Nora came in with the coffee. “What's worrying you now, son?” she asked.

“Things,” I said, “riddles, lies, and I'm too old and too tired for them to be any fun. Let's go back to San Francisco.”

“Before New Year's?”

“Tomorrow, today.”

“I'm willing.” She gave me a cup. “We can fly back, if you want, and be there for New Year's Eve.”

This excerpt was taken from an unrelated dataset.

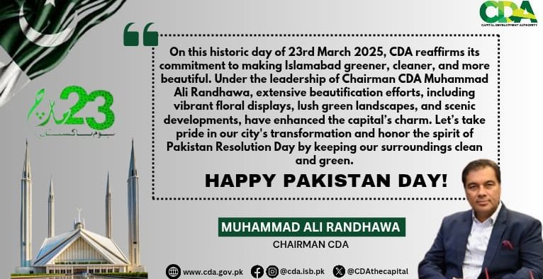 ISLAMABAD (Urdu Times) 23rd March 2025 – Pakistan Day 🇵🇰✨ Under the dynamic leadership of Muhammad Ali Randhawa, Chairman CDA & Chief Commissioner Islamabad

Dorothy said tremulously: “I didn't lie to you, Nick. I told you everything 1— Please, please don't be mad with me. I'm so—” She stopped talking to sob.

I rubbed Asta's head and groaned.

Nora said: “We're all worn out and jumpy. Let's send the pup downstairs for the night and turn in and do our talking after we've had some rest. Come on, Dorothy, I'll bring your coffee into the bedroom and give you some night-clothes.”

Dorothy got up, said, “Good-night,” to me, “I'm sorry I'm so silly,” and followed Nora out.

When Nora returned she sat down on the floor beside me. “Our Dorry does her share of weeping and whining,” she said. “Admitting life's not too pleasant for her just now, still . . .” She yawned. “What was her fearsome secret?”

I told her what Dorothy had told me. “It sounds like a lot of hooey.”

“Why?”

“Why not? Everything else we've got from them has been hooey.”

Nora yawned again. “That may be good enough for a detective, but it's not convincing enough for me. Listen, why don't we make a list of all the suspects and all the motives and clues, and check them off against—”

“You do it. I'm going to bed. What's a clue, Mamma?”

“It's like when Gilbert tiptoed over to the phone tonight when I was alone in the living-room, and he thought I was asleep, and told the operator not to put through any in-coming calls until morning.”

“Well, well.”

“And,” she said, “it's like Dorothy discovering that she had Aunt Alice's key all the time.”

“Well, well.”

“And it's like Studsy nudging Morelli under the table when he started to tell you about the drunken cousin of—what was it?—Dick O'Brien's that Julia 'Wolf knew.”

I got up and put our cups on a table. “I don't see how any detective can hope to get along without being married to you, but, just the same, you're overdoing it. Studsy nudging Morelli is my idea of something to spend a lot of time not worrying about. I'd rather worry about whether they pushed Sparrow around to keep me from being hurt or to keep me from being told something. I'm sleepy.”

“So am I. Tell me something, Nick. Tell me the truth: when you were wrestling with Mimi, didn't you have an erection?”

“Oh, a little.”

She laughed and got up from the floor. “If you aren't a disgusting old lecher,” she said. “Look, it's daylight.”